Although OpenAI later spun off its for-profit segment and has been continuously raising funds, at Microsoft's Build Developer Conference in May this year, Altman only appeared remotely to support Microsoft, showing significantly less sincerity compared to his physical presence last year.
Today's Altman, once a highly sought-after "darling" of Silicon Valley tycoons, now seems to have become their "enemy." Those who once helped him achieve success and built bridges for his connections have now become "obstacles" to his ambition for greater achievements.
From Revolutionary to Monopolist
When OpenAI was founded, this non-profit organization carried the purest technological beliefs of Silicon Valley: breaking Google's algorithm monopoly through open-source technology and ensuring that the benefits of AGI reach all humanity.
However, the development of large models soon exposed a cruel reality - it was essentially a money-burning game. Altman needed to continuously inject funds and resources to replenish the company's development, even having to oppose his former ally Musk.
Currently, ChatGPT has 800 million weekly active users, and the huge user base has kept the company's GPU clusters operating under heavy load, leaving the team exhausted. Meanwhile, OpenAI's valuation has surpassed $300 billion, making it one of the largest private funding projects in tech history, placing an increasing burden on Altman's shoulders.
Altman's current rift with the Silicon Valley power structure is also to gain more sustainable development momentum. After all, maximizing profits is an unavoidable rule on the path to commercialization.
Therefore, Altman is promoting fundraising and opening up sources while making intensive contact with Middle Eastern capital, ultimately facilitating a $6.6 billion funding round involving Thrive Capital and the UAE sovereign fund. At the same time, he is implementing a computing power conservation strategy, signing a five-year, $11.9 billion computing power contract with CoreWeave to ensure supply chain autonomy, while building a cost-effective barrier against NVIDIA in the hardware sector.
Of course, behind these frequent changes lies Altman's anxiety. This Spring Festival, DeepSeek attracted a large number of small and medium-sized enterprises and developers with open-source models and extremely low training costs, directly impacting OpenAI's paid API subscription model, promoting technological equity, and forcing Altman to adjust his strategy.
But OpenAI's competitors go beyond just DeepSeek - Google updated its GEMINI 2.5 model last month, Anthropic launched the Claude 4 series, Musk plans to raise $4.3 billion for large model training, self-built data centers, and chip procurement, while ByteDance updated its Doubao model and initiated a price war.

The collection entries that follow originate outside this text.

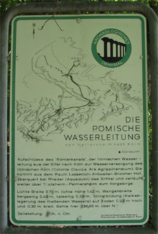 Die Höhenverhältnisse der Berghänge beiderseits der Erft zueinander machten einen Talübergang für die Wasserleitung erst bei Rheder möglich. Und selbst dort war noch eine Aquäduktbrücke von 550 m Länge und 5 m Höhe zu errichten gewesen. Von diesem Bauwerk sind am Ort allerdings keinerlei Reste mehr zu sehen, das Material wurde im Mittelalter abgebrochen, um es ein zweites Mal zum Bauen zu verwenden. Landschaftsverband Rheinland, Rheinisches Amt für Bodendenkmalpflege, 53115 Bonn Eifelverein 52349 Düren |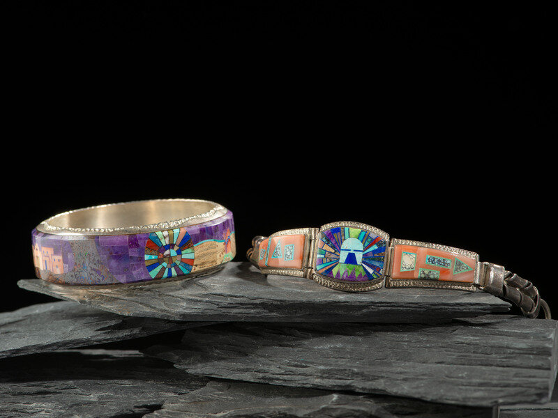 a bangle, set with a pueblo and Monument Valley scenes; signed ALVIN YELLOWHORSE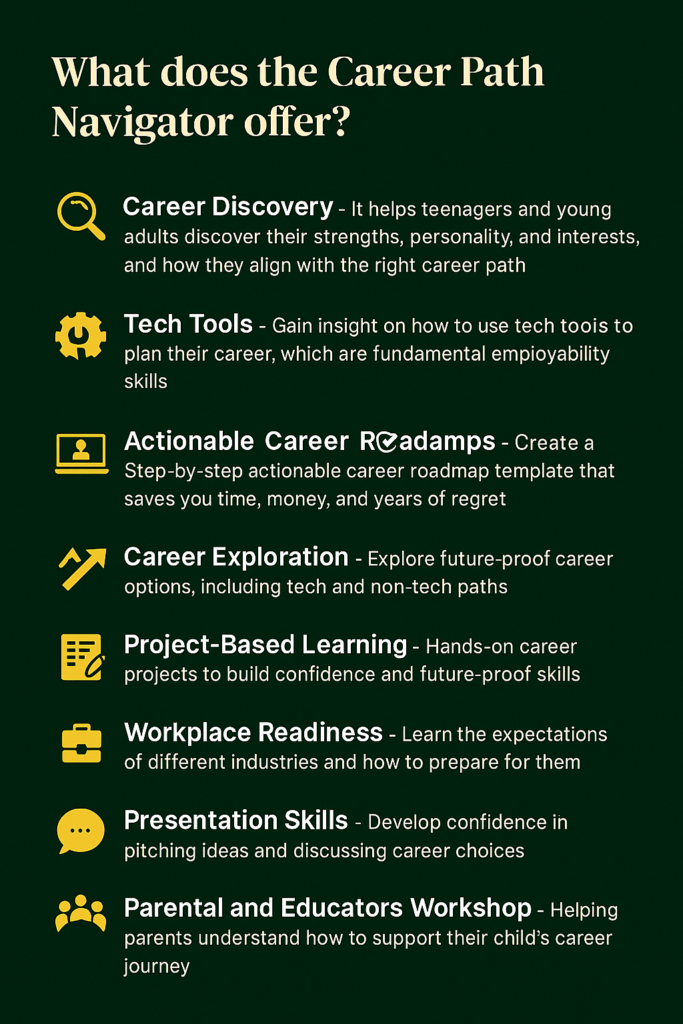 Yes, there is a workshop for parents and educators. Parents are encouraged to participate in certain sessions to understand their children’s aspirations and collaborate in decision-making.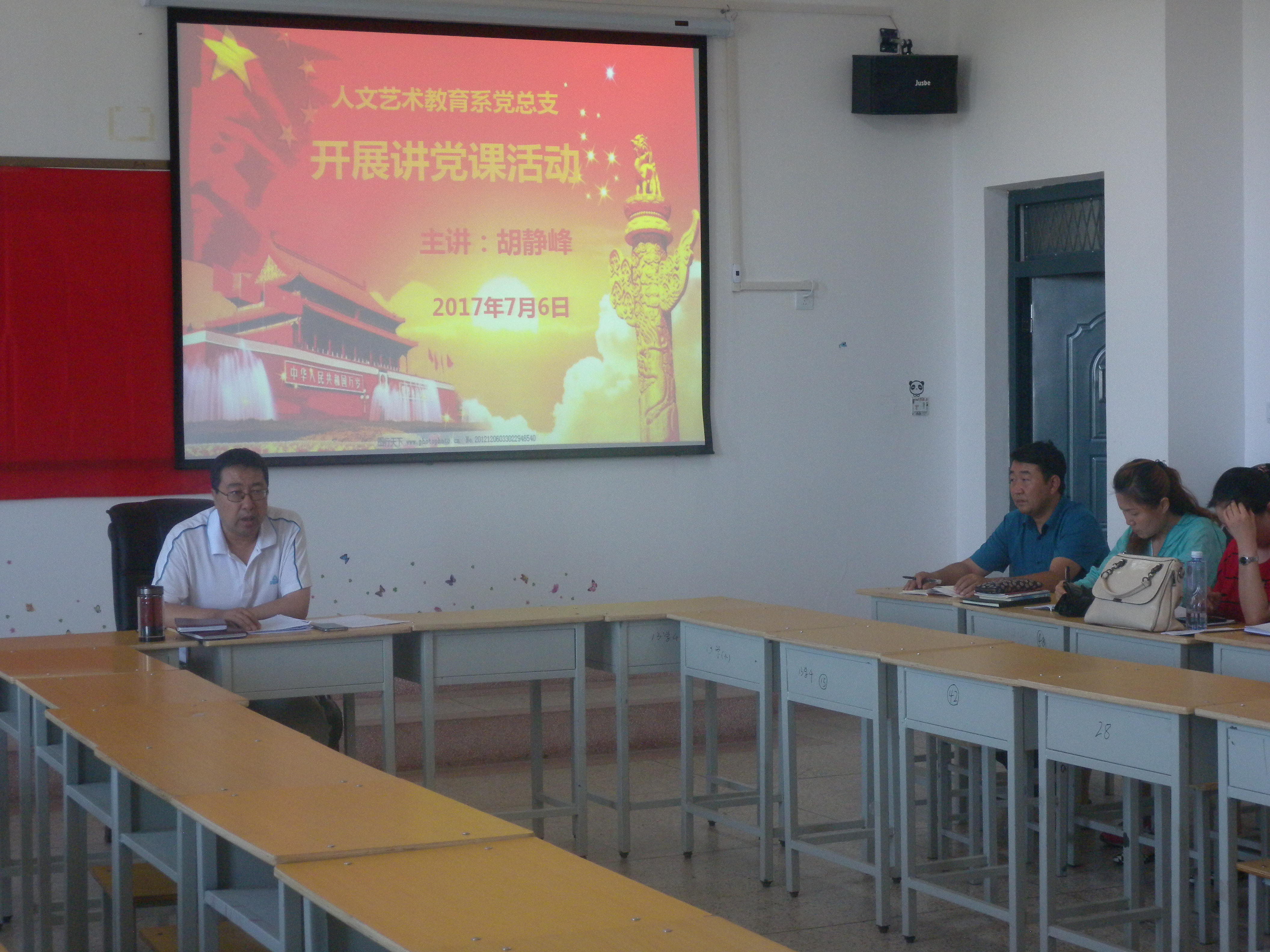 為進一步深入推進“兩學一做”學習教育常態(tài)化制度化,根據(jù)學院文件精神, 7月6日,人文藝術教育系黨總支在勵勤樓209黨員活動室開展“書記講黨課”活動,全體黨員教師參加了此次活動。

Faced with these pressures, Altman has raised the banner of releasing GPT-5 this summer. But he also said that internally, they are discussing whether to simply increase the version number or continuously optimize and improve it like GPT-4.
Meanwhile, OpenAI also wants to make inroads into AI hardware. Not long ago, Altman announced the acquisition of a startup by Apple's former chief designer for $6.5 billion and plans to launch new AI hardware devices next year. This is OpenAI's largest acquisition to date, reflecting its importance.
Altman has repeatedly publicly criticized the separation between existing hardware and AI. Once AI-centric integrated software and hardware devices are developed, OpenAI will establish an independent entry point through its own hardware, which is likely to impact Apple, making Apple's iOS ecosystem no longer a moat.
It can only be said that when OpenAI acquired the former Apple chief designer team, Sam Altman made a crucial move in the power game in Silicon Valley. This most expensive hardware acquisition case in technology history marks Altman's official declaration of war on Apple's ecosystem empire.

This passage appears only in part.